» **TO DO**
Each line from the first line of the entries through the line holding "V5180 V5180-7/6 |" is to be restated word for word; nothing else, and no picture, belongs in the answer.

[Data items]
- Opening Delimiter -

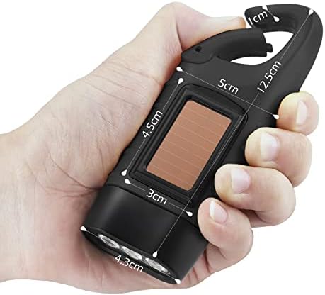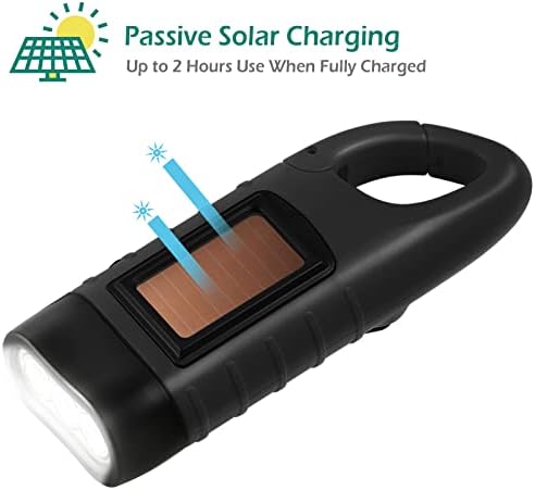 GeeRic 2-Pack Hand Crank Solar Powered Flashlight, Emergency Rechargeable LED Flashlight, Survival Flashlight, Quick Snap Carabiner Dynamo Flashlight Torch for Outdoor Sports, Black+Black
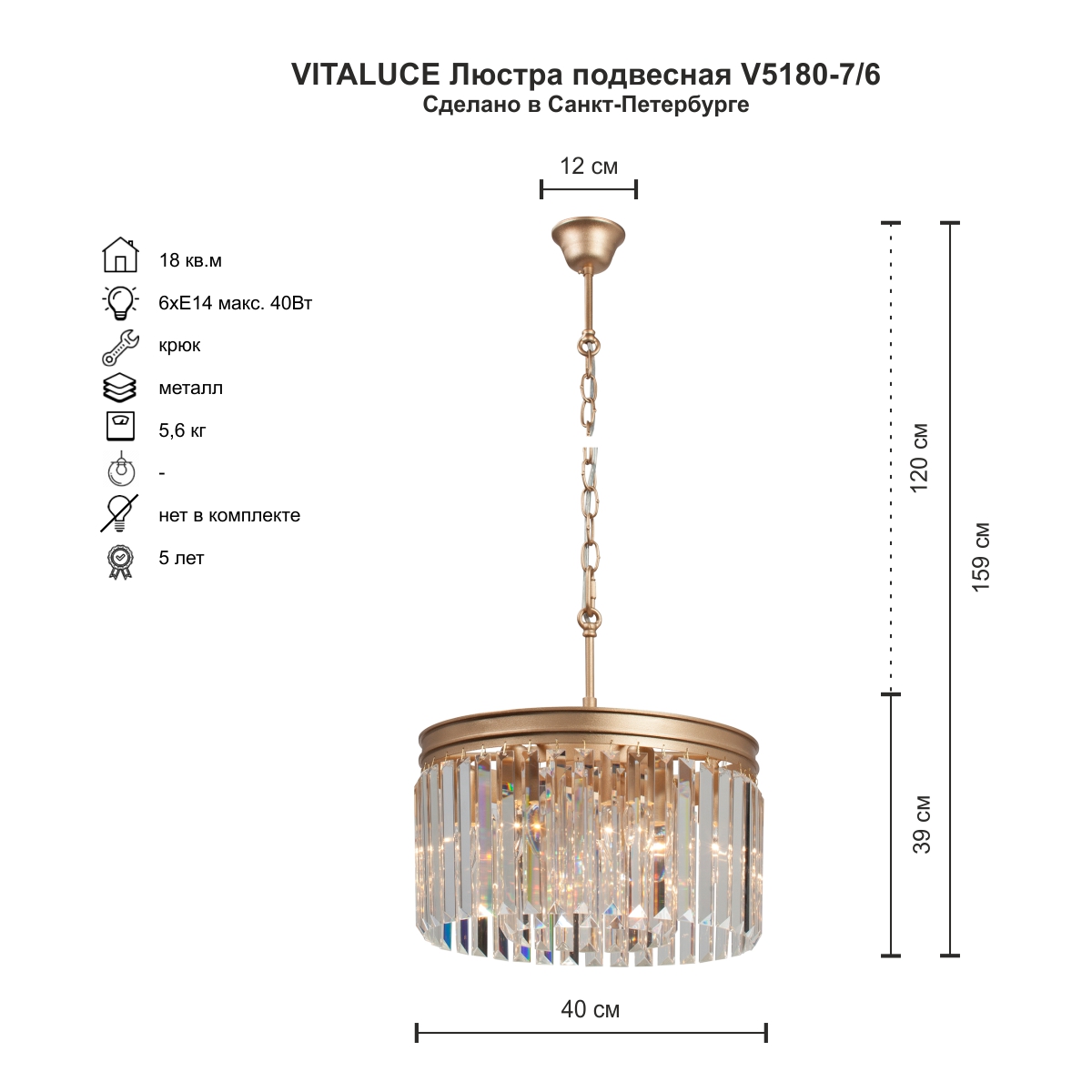 | Альтернативное название | Подвесная люстра Vitaluce V5180 V5180-7/6 |
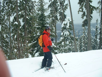 林間の緩斜面にて休憩 SEI Whistler 山頂方角
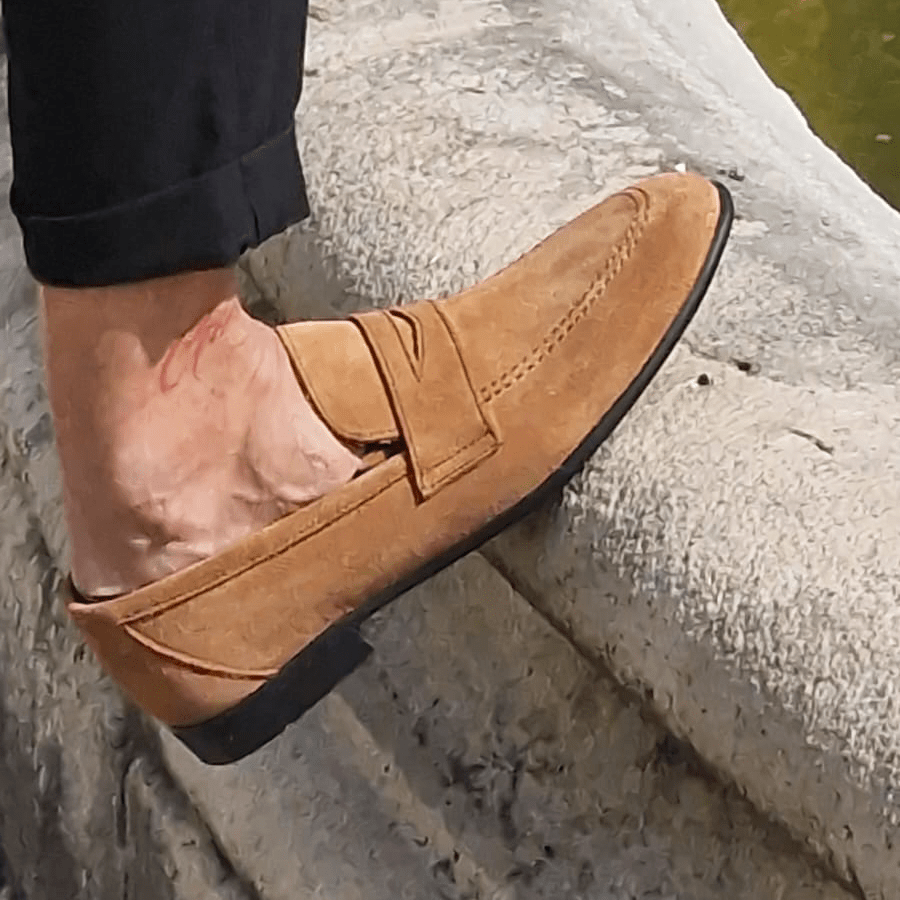 Scopri l'eleganza casual e il comfort delle nostre Loafers in Suede Color Cuoio Chiaro, perfette per la tua estate a Bari e in Puglia!
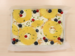 ①にパイナップルとブルーベリー、ミックスナッツを軽く押し込むようにのせ、その上からピスタチオをまぶし、冷凍庫で凍らせます。
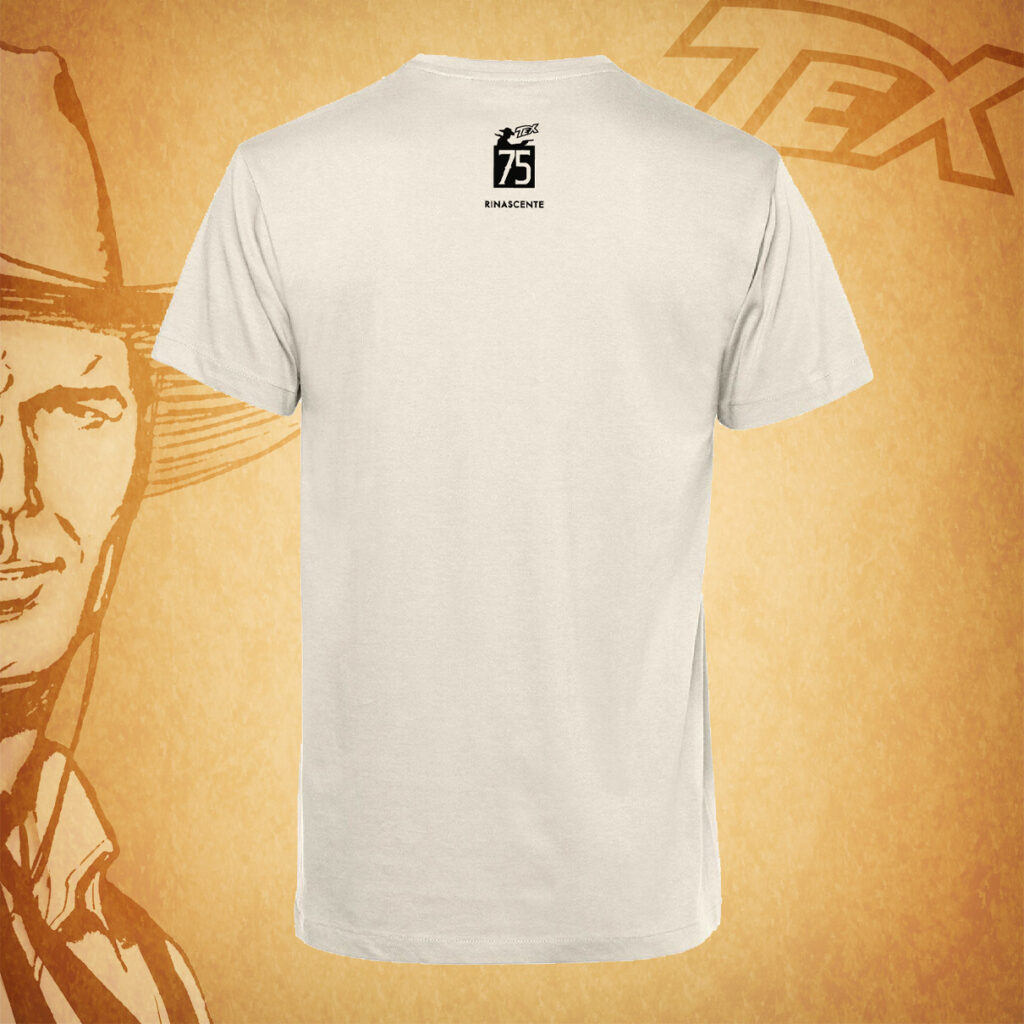 Continua lo shoppingUna t-shirt di colore bianco che riproduce la copertina disegnata da Aurelio Galleppini per il primo numero di Tex libretto, "La mano rossa", realizzata da Rinascente in occasione della Tex Week allestita presso Rinascente Milano Piazza Duomo.
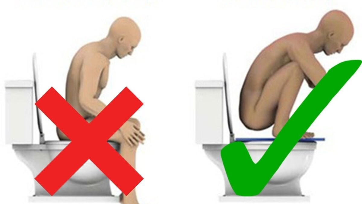 Добрый день мои дорогие сегодня мы рассмотрим деликатную но очень важную тему. Правильного посещения туалета многие даже не догадываются сколько ошибок совершают в этой одной из самых посещаемых комнат дома а в итоге появляются проблемы со здоровьем неизвестно чем вызваны. Не правильная посадка скорее всего при очередном посещении туалета вы редко обращаете внимание на то как располагаетесь на унитазе а зря самая распространенная посадка с ногами согнутыми под прямым углом приводит к затруднению прохождения естественного стула его блокировки и как следствие запором. Раздражение кишечника и прочим неприятностям вспомните как ходят в туалет маленькие дети или взрослые на природе где нет унитазов. Вот пример более естественно в расположении тела и ног под углом в 35 градусов. Конечно унитаз вы не выбросите да из горшка давно выросли но подложить под ноги скамеечку или специальную подставку чтобы сократить угол изгиба до 35 градусов вполне реально. Долгое нахождение в туалете. Использ
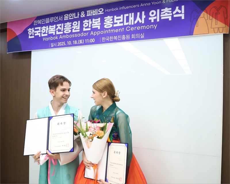 경북 상주시 함창읍에 있는 한국한복진흥원(원장 박후근)은 지난 18일 외국인 홍보대사로 독일 출신 배우 윤안나(독일명 Anna Rihlmann) 씨와 스페인 출신 크리에이터인 파비오 브라이스(스페인명 Fabio Brais Gonzalez Prieto) 씨를 위촉했다고 22일 밝혔다.
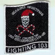 VF-103 was established in May 1952 and began the transition from F-4S Phantoms to the F-14A Tomcat in January 1983. The ‘Sluggers’ were with the USS Saratoga in CVW-17 for the majority of her time, before switching to the USS Enterprise. VF-103 adopted the “Skull and Crossbones” of VF-84 to continue their tradition. VF-103 painted the vertical tails of one of their jets with this schematic on the 1996 Med Cruise they were on. I saw this firsthand, as I was on that cruise also.
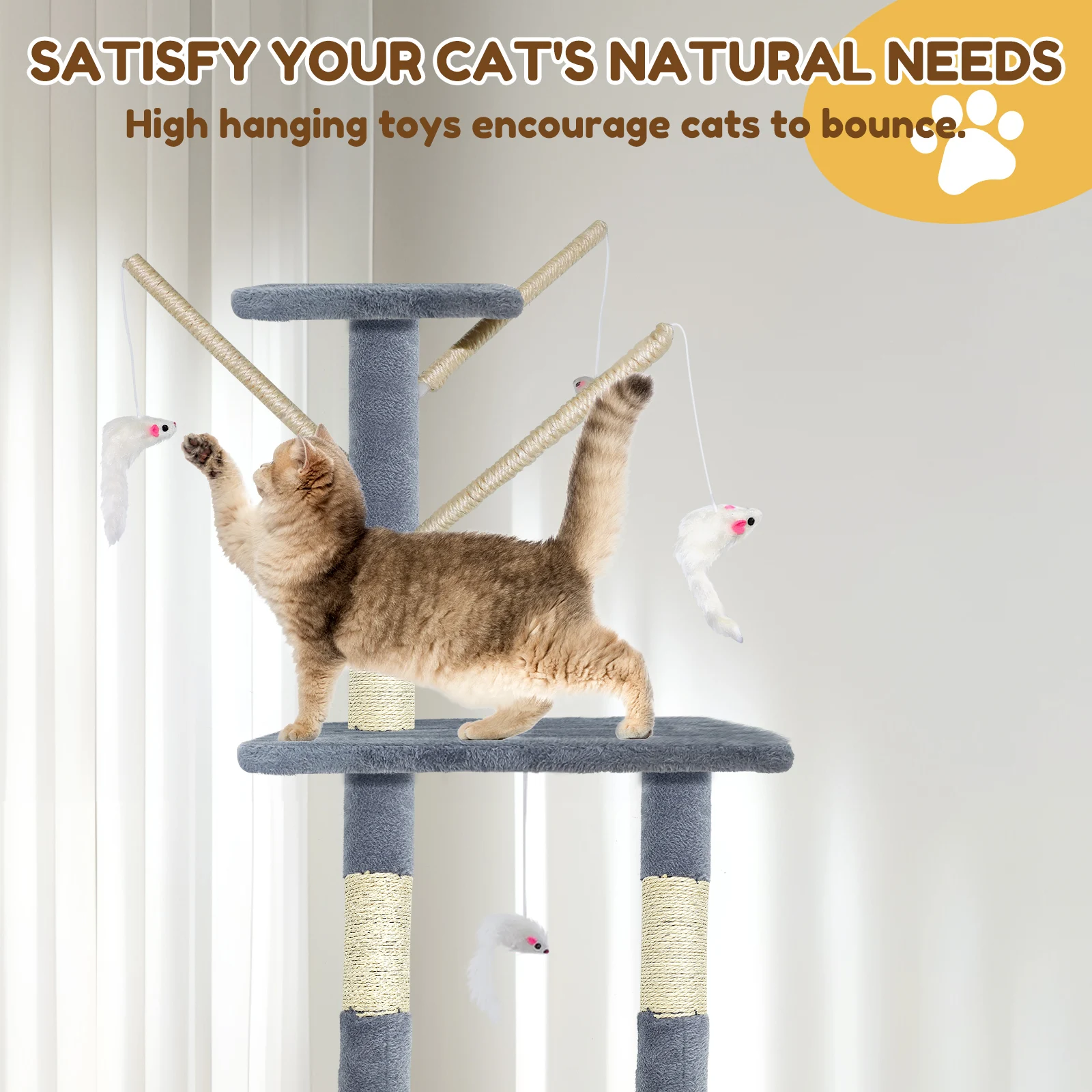 🐱【Fashionable Color】Grey kitten tree fits great with your window and furniture in your house so it does not stick out,you will love the color.
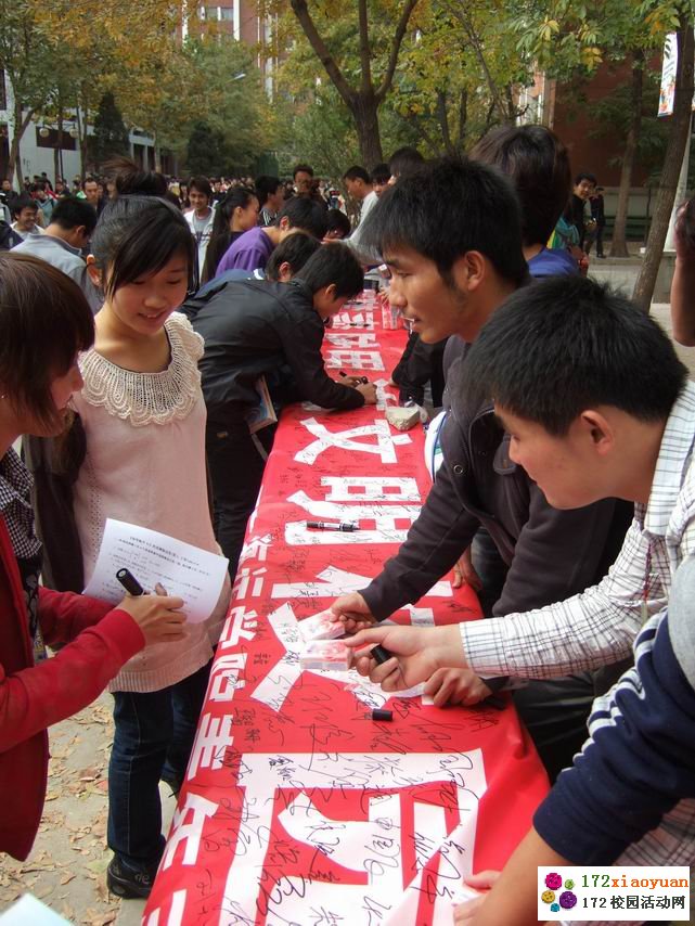 2009年10月26日,天津理工大学海运学院青年志愿者协会在校本部荟贤堂前举行了“禁痰防甲流,文明校园行”大型签名活动。
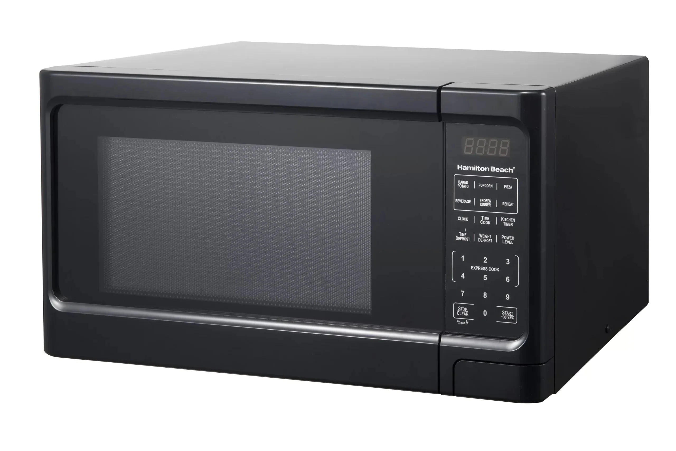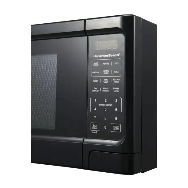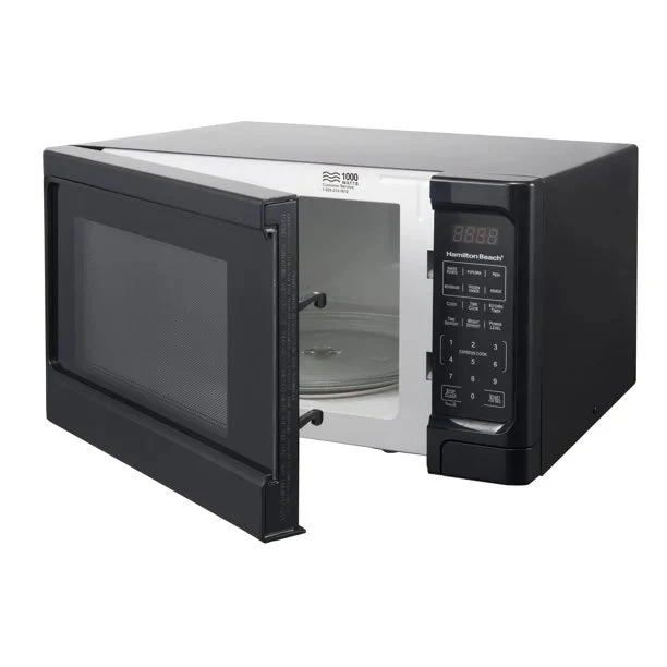 Upgrade your kitchen with the Hamilton Beach Microwave Oven (1000W 1.1 Cu Ft). A breeze to use . it features six convenient functions for easy . one-touch cooking . ensuring that meal preparation goes quickly and smoothly. The Hamilton Beach stainless steel microwave also has simple-to-use touchpad controls and an LED display. Programs are easily controlled based on food weight . and it offers customized cooking with 10 variable levels. It also has defrost-by-weight and speed-defrost for those nights when quick meals are needed. The black digital microwave is designed with a convenient timer function too. This model includes a child lock for added safety. It comes in multiple colors . so users can choose an ideal match for the kitchen decor. With its standard size . it can easily sit on a countertop or be mounted for easy access.

- Closing Delimiter -

» **SOLUTION TO THIS PROBLEM**
 GeeRic 2-Pack Hand Crank Solar Powered Flashlight, Emergency Rechargeable LED Flashlight, Survival Flashlight, Quick Snap Carabiner Dynamo Flashlight Torch for Outdoor Sports, Black+Black
 | Альтернативное название | Подвесная люстра Vitaluce V5180 V5180-7/6 |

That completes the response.